The resulting `Stereo` folder contains the following sub folders:

* Item train/
* Item val/
* Item test/

It additionally contains a `split.csv` file that tells which quadruplet of images (left, right, disparity, mask) belongs to which subset (train,val,test)

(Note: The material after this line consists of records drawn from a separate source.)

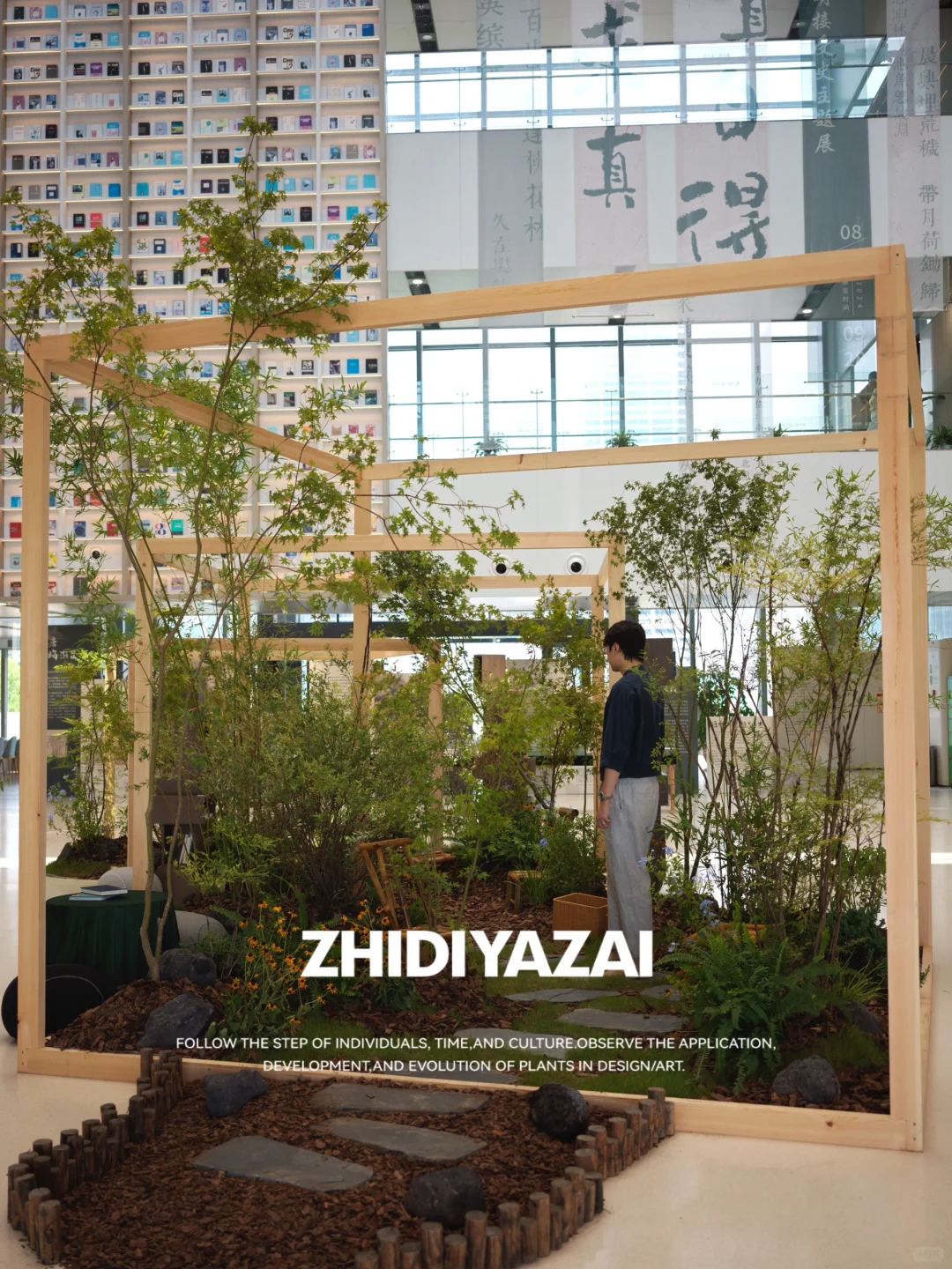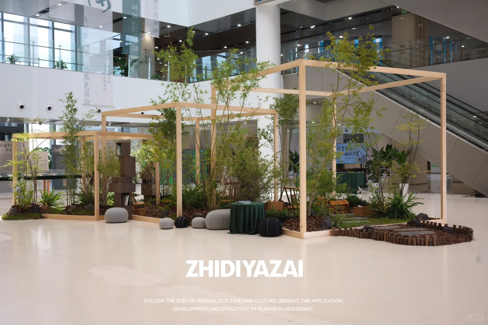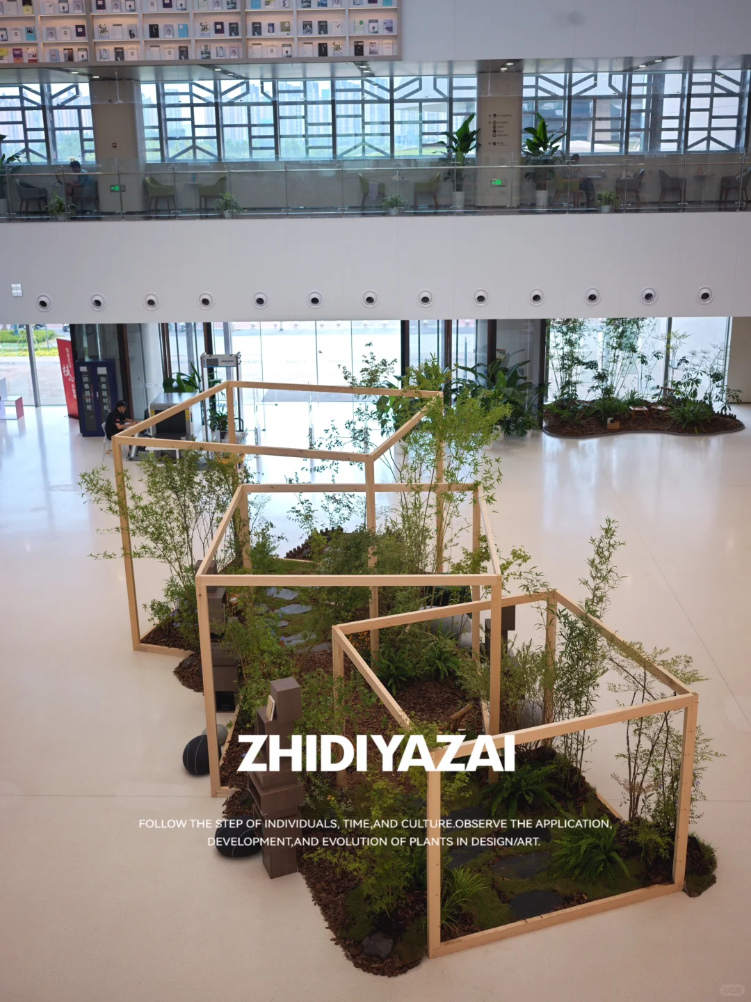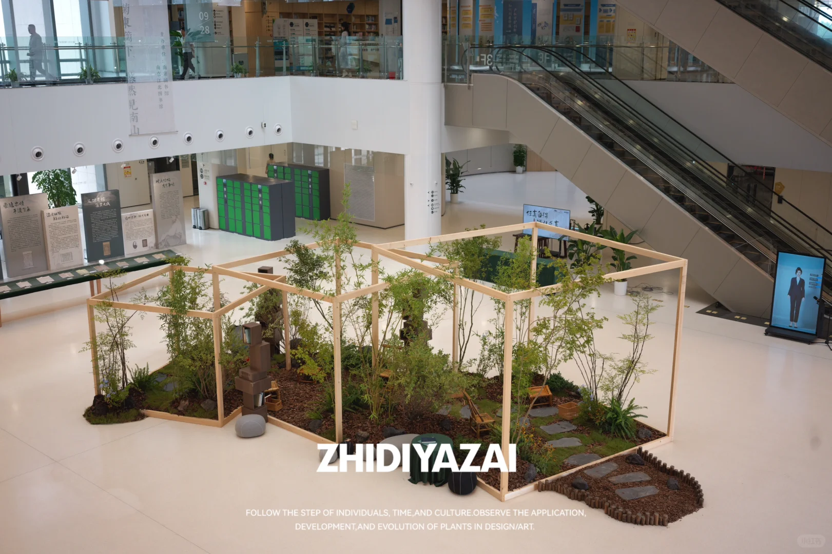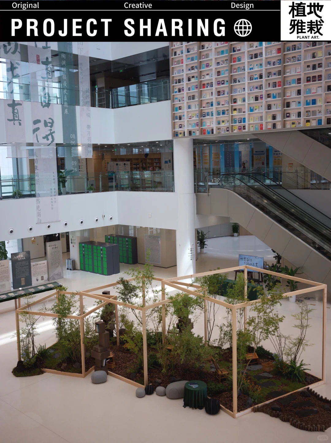 📍江北图书馆(新馆) 这次受邀为江北图书馆举办的陶渊明接受史主题展,搭建一个室内大型的植物景观装置。 景观装置坐落于大厅正中心,也是正门入口处。我们用前高后低共三个由木桩现场搭建的正方体,组成景观的框架。三个木质框架,形成一种草堂小径的感觉。 景观整体风格更加偏向于杂木风格,植物的搭配也会较为野趣。例如景观最高点的枫树,慈孝竹。再到中间段的南天竹,花叶杞柳,搭配上低矮处的蕨类。再在这“ 林间” 穿插一些金盏菊。让人更加沉浸在在这“ 采菊东篱下,悠然见南山”的意境之中。
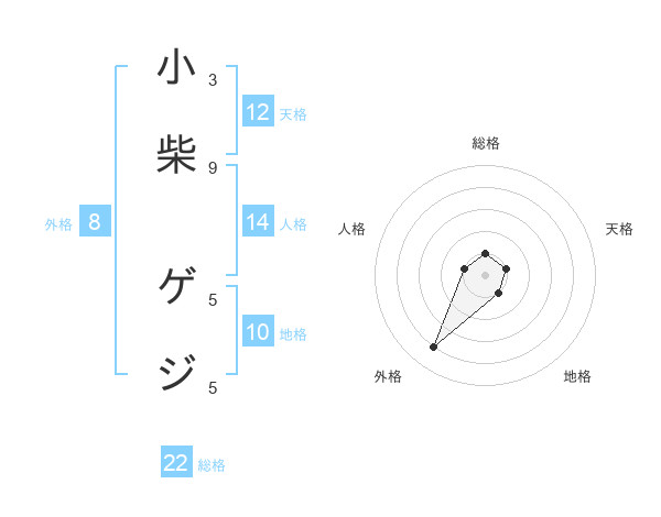 小柴 ゲジさんの総格は22画の1点!
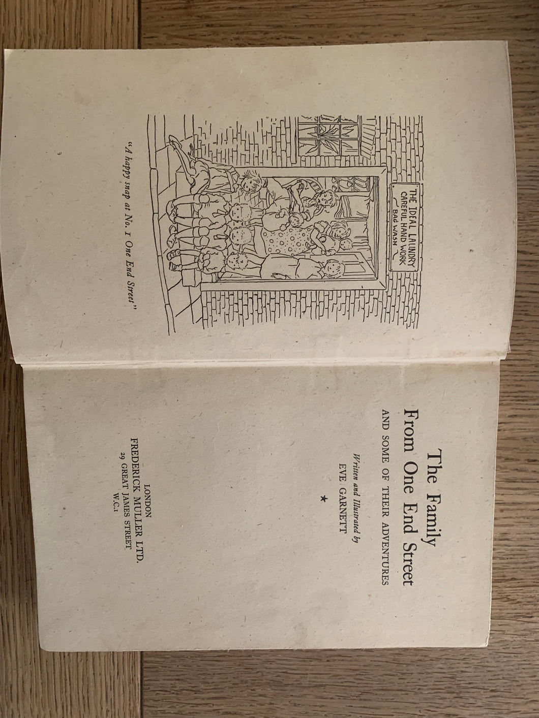 ’The Family From One End Street and some of their adventures’ written and illustrated by Eve Garnett. Published by Frederick Muller. September 1941. UK fourth edition. No dust wrapper.
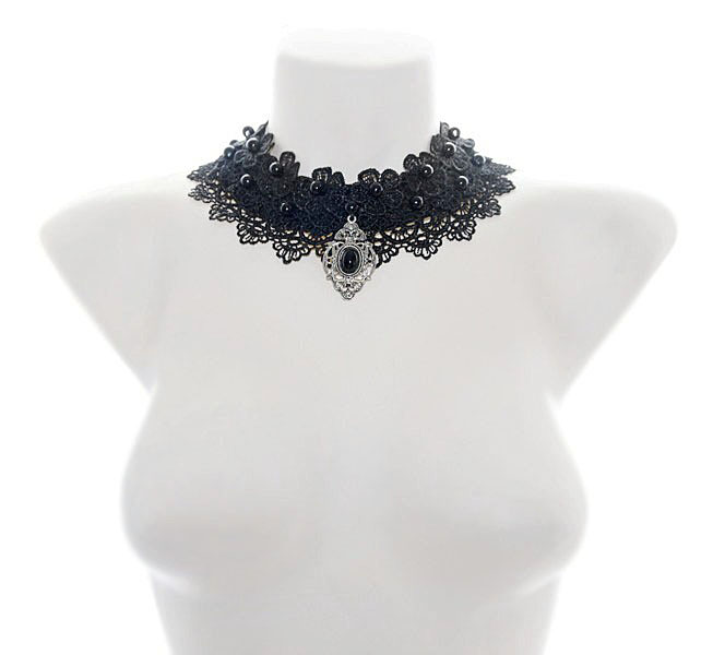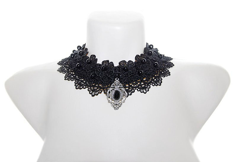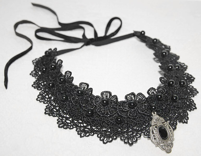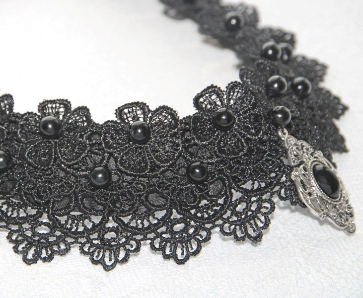 Mustade pärlite ja rahvuslikel ainetel antiikhõbedase metallkaunistusega efektne mustast pitsist kaelaehe komplektis kõrvarõngastega. Kaarjas pitsdetail ja pärlid on tikitud mustale vildist alusele, tagumine osa töödeldud puuvillase kangaga.
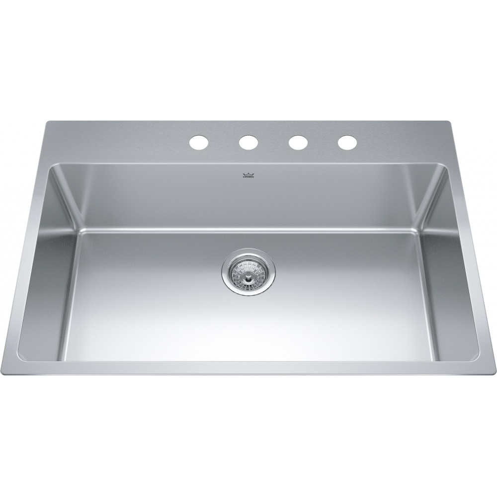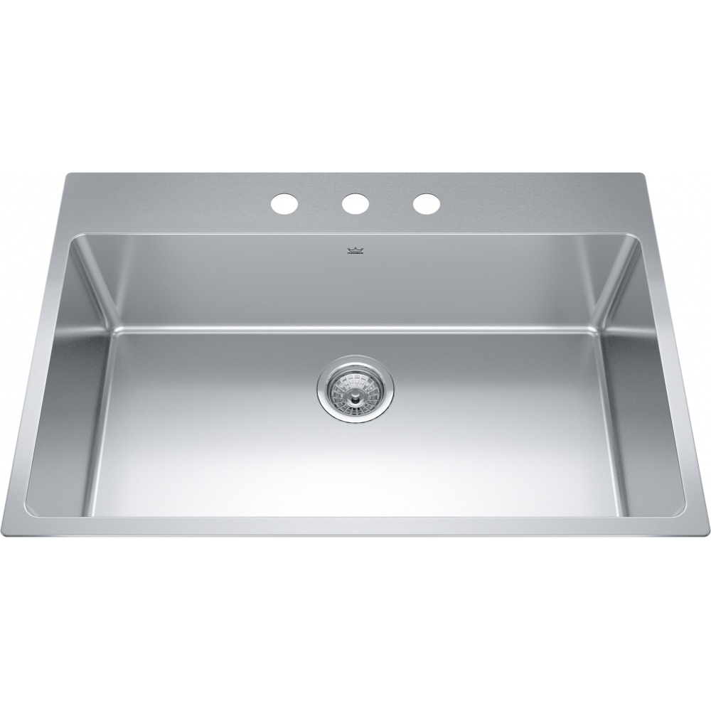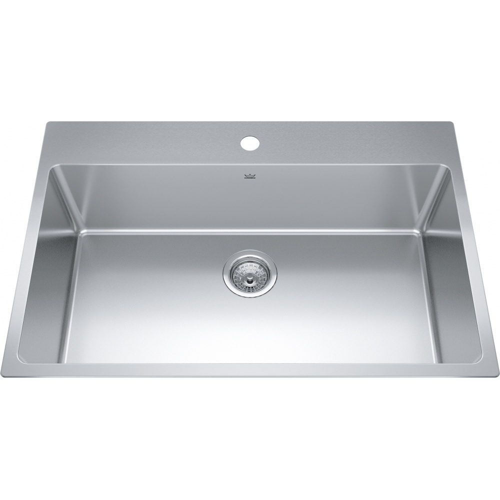 The Brookmore Collection seamlessly blends modern design and exquisite craftmanship with a satin finish that matches any kitchen interior. This drop-in sink is designed for easy installation and classic functionality. Its self-rimming edge rests neatly on the countertop surface, making it a practical choice for a wide range of kitchen or utility spaces. Ideal for renovations or replacements, this top-mount sink offers dependable performance with a straightforward, no-fuss design.
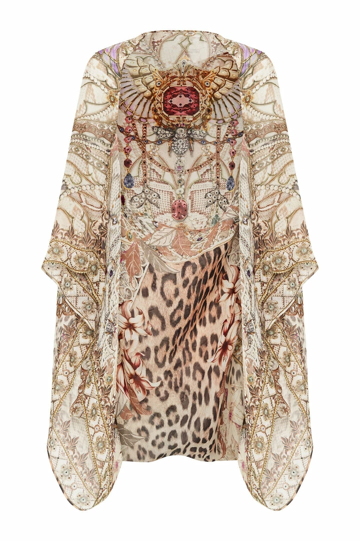 Drape yourself in the All Is Nouveau Silk Shrug is patterned with mellow leopard print amongst cream and golden hues, gleaming with CAMILLA crystals in a nod to Art Nouveau. This lavish layer is cut in a relaxed style and fitted with extra wide arm holes and boasts multi wear functionality. To be worn as a loose-fitting kaftan or tied at the waist as a sarong over swimwear pieces from the All Is Nouveau collection.
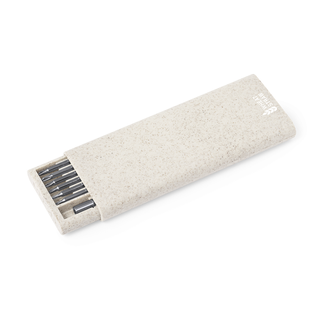 Práctico set de herramientas fabricado en caña de trigo y troquelado interior para un perfecto ajuste. Incluye un destornillador de precisión con 24 accesorios, compuesto por diversas puntas: philips, allen y planas. Con logotipo caña de trigo incluido. Presentado individualmente en caja de diseño kraft. La caña de trigo fomenta la utilización de materias primas naturales, reduciendo así las emisiones contaminantes.
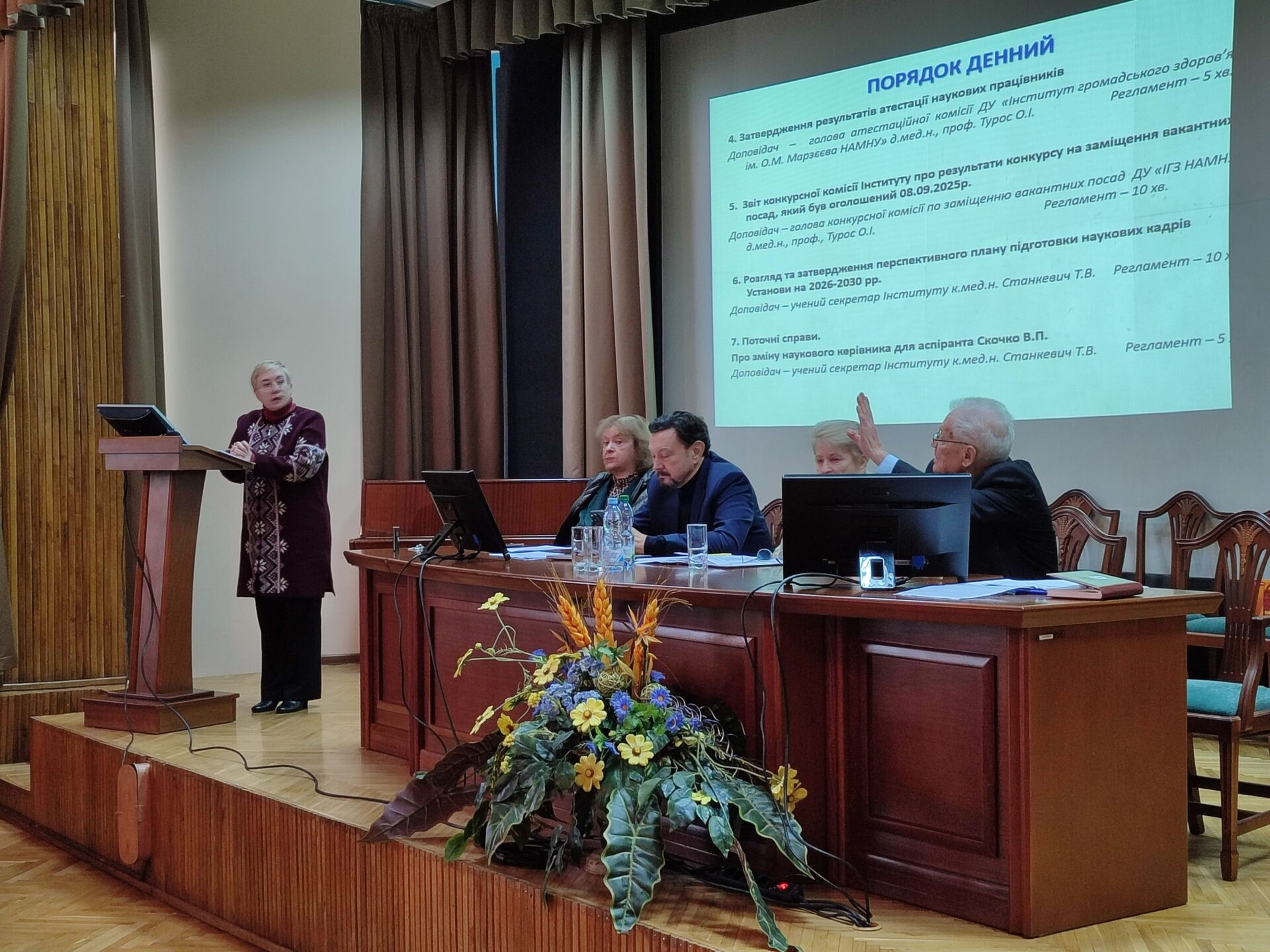 29 жовтня 2025 року відбулося чергове засідання Вченої ради ДУ «Інститут громадського здоров’я ім. О.М. Марзєєва НАМН України»
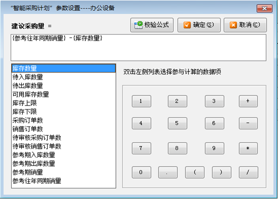 (1)參數(shù)設(shè)置:可以設(shè)置“建議采購量”的運算公式,軟件將根據(jù)您設(shè)計的公式計算出建議數(shù)量,如下圖2所示。
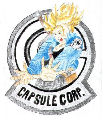 Ein Capsule Corp.-Logo mit einem Trunks.
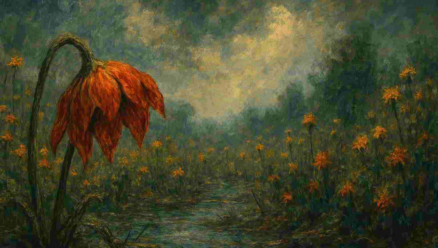 And then it rained, not to nourish or cleanse. Poured. Unstoppable— the ground swelled, my petals sagged, roots dislodged, my garden drenched to swamp.
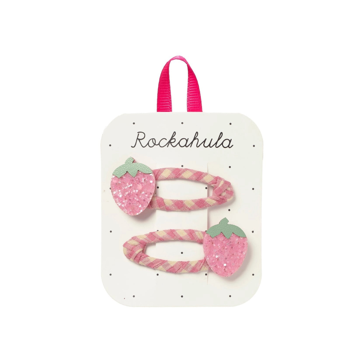 Chaque pince est ornée d’une délicate fraise rose étincelante, soigneusement détaillée avec une couronne verte finement travaillée. Les finitions scintillantes captent la lumière et ajoutent une touche joyeuse et lumineuse à chaque mouvement. Les fraises sont posées sur deux pinces à pression enveloppées d’un ruban vichy rose, pour un look à la fois rétro, frais et plein de charme.
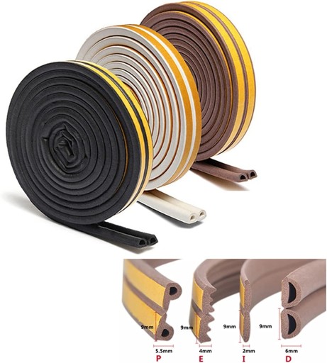 ✅ Najwyższej jakości samoklejąca miękka elastyczna uszczelka - pasująca do profili okiennych i drzwiowych - TYP E 4 x 9 mm
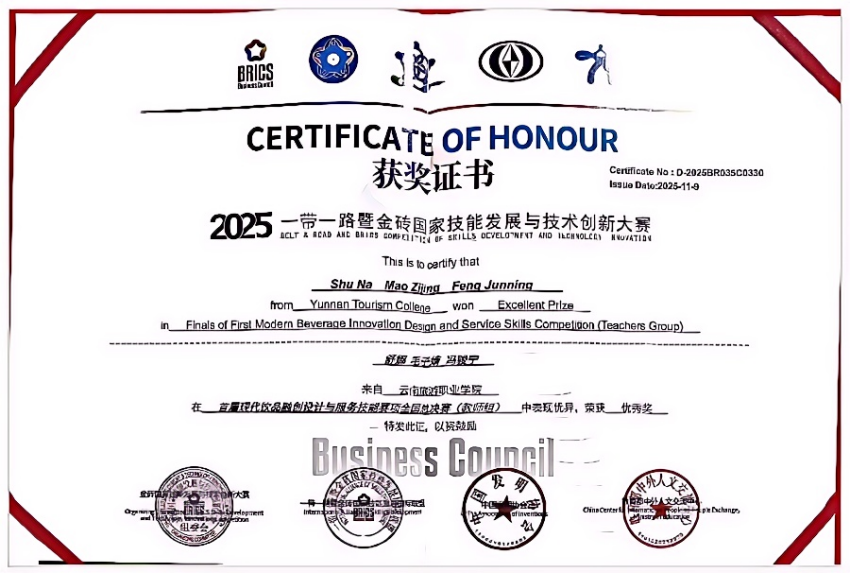 近日,2025一带一路暨金砖国家技能发展与技术创新大赛首届现代饮品融创设计与服务技能赛项全国总决赛在四川圆满落幕。由我校酒店管理学院冯骏宁、毛子婧、舒娜教师组成的参赛队凭借扎实的专业功底、创新的设计理念和出色的现场表现,在教师组激烈角逐中脱颖而出,荣获优秀奖。
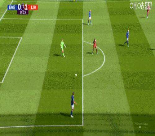 第29分钟,埃弗顿后场传倒失误,左路哈克波得球后果断斜线塞球给右肋插上的萨拉赫,后者低射破门,0比1。此球也是萨拉赫在英超的默西塞德比中打进的第9球,追平了前辈杰拉德创造的纪录。
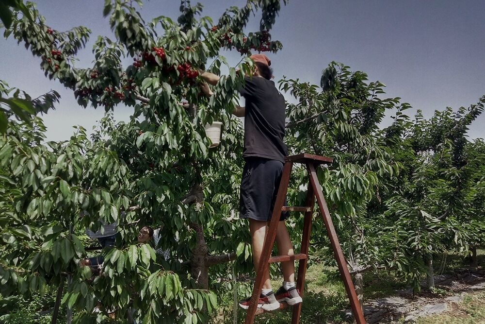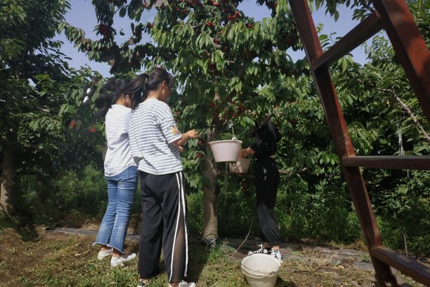 队员在采摘樱桃
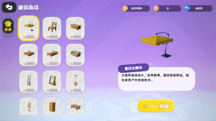 1、自由建造系统:提供数百种家具、装饰与地形组件,支持360度旋转与高度调节,打造个性化空间。
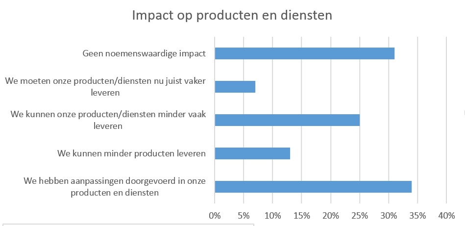 Slechts 31 procent van de respondenten geeft aan dat het coronavirus (nog) geen noemenswaardige impact heeft op het product of dienst. Ruim eenderde heeft aanpassingen doorgevoerd in producten, denk hierbij aan het – waar mogelijk – online aanbieden van de diensten (consultancy, opleidingen). Ook geeft ruim een kwart aan dat ze de producten of diensten minder vaak kunnen leveren. Een klein deel (7 procent) merkt juist nu een toegenomen vraag naar hun producten/diensten.

Here is an example of split.csv content 

```
basename_l,basename_r,disparity,masq,split
DMTrain_SDR-05_20_0003_Im1.tif,DMTrain_SDR-05_20_0003_Im2.tif,DensifyPx_DMTrain_SDR-05_20_0003_Im1.tif,Nocc_refine_DensifyPx_DMTrain_SDR-05_20_0003_Im1.tif,train
DMTrain_SDR-20_30_0002_Im1.tif,DMTrain_SDR-20_30_0002_Im2.tif,DensifyPx_DMTrain_SDR-20_30_0002_Im1.tif,Nocc_refine_DensifyPx_DMTrain_SDR-20_30_0002_Im1.tif,train
DMTrain_SDR-06_20_0001_Im1.tif,DMTrain_SDR-06_20_0001_Im2.tif,DensifyPx_DMTrain_SDR-06_20_0001_Im1.tif,Nocc_refine_DensifyPx_DMTrain_SDR-06_20_0001_Im1.tif,train
DMTrain_SDR-05_20_0006_Im1.tif,DMTrain_SDR-05_20_0006_Im2.tif,DensifyPx_DMTrain_SDR-05_20_0006_Im1.tif,Nocc_refine_DensifyPx_DMTrain_SDR-05_20_0006_Im1.tif,train
DMTrain_SDR-05_21_0014_Im1.tif,DMTrain_SDR-05_21_0014_Im2.tif,DensifyPx_DMTrain_SDR-05_21_0014_Im1.tif,Nocc_refine_DensifyPx_DMTrain_SDR-05_21_0014_Im1.tif,train
DMTrain_SDR-05_19_0017_Im1.tif,DMTrain_SDR-05_19_0017_Im2.tif,DensifyPx_DMTrain_SDR-05_19_0017_Im1.tif,Nocc_refine_DensifyPx_DMTrain_SDR-05_19_0017_Im1.tif,train
DMTrain_SDR-04_29_0005_Im1.tif,DMTrain_SDR-04_29_0005_Im2.tif,DensifyPx_DMTrain_SDR-04_29_0005_Im1.tif,Nocc_refine_DensifyPx_DMTrain_SDR-04_29_0005_Im1.tif,train
DMTrain_SDR-05_21_0004_Im1.tif,DMTrain_SDR-05_21_0004_Im2.tif,DensifyPx_DMTrain_SDR-05_21_0004_Im1.tif,Nocc_refine_DensifyPx_DMTrain_SDR-05_21_0004_Im1.tif,train
DMTrain_SDR-07_18_0011_Im1.tif,DMTrain_SDR-07_18_0011_Im2.tif,DensifyPx_DMTrain_SDR-07_18_0011_Im1.tif,Nocc_refine_DensifyPx_DMTrain_SDR-07_18_0011_Im1.tif,train
```


If you have an additional dataset with left, right, disparity and masks files, you can apprend this set to the previous one by re-running the same command with the new files and keeping `prepare_dataset.out_dir` the same so that they could be split and appended to the previous subset.


## Create a HDF5 Dataset

After generating the sub splits of a dataset (train/val/test) and their subsequent split.scv file, we can generate an overall hdf5 file that encapsulates all the dataset into one file thus reducing training times. To do that, you can run the following command line which takes the following arguments:

* Item `datamodule.data_dir`: The directory where train,val,test folders exist
* Item `datamodule.split_csv_path`: the split.csv split file full path
* Item `datamodule.hdf5_file_path`: the to-generate hdf5 file full path

Here is an example:


```bash
DATASET_DIR="/path/to/images/disparities/maks/sets/of/files"
python run.py task.task_name=create_hdf5 \
datamodule.data_dir="${{DATASET_DIR}}Stereo" \
datamodule.split_csv_path="${{DATASET_DIR}}Stereo/split.csv" \
datamodule.hdf5_file_path="${DATASET_DIR}Stereo/eurosdr.hdf5"
```

## Getting started quickly with a toy dataset

A quadruplet of left,right,disparity,occlusion_mask images is provided as part of the test suite. It can be turned into a small, training-ready dataset to get started with the package. 

To create a toy dataset run :
```
python simlearner3d/processing/dataset/toy_dataset.py +task.task_name="make_hdf5"
```
You will see a new file: `/test/data/toy_dataset.hdf5`.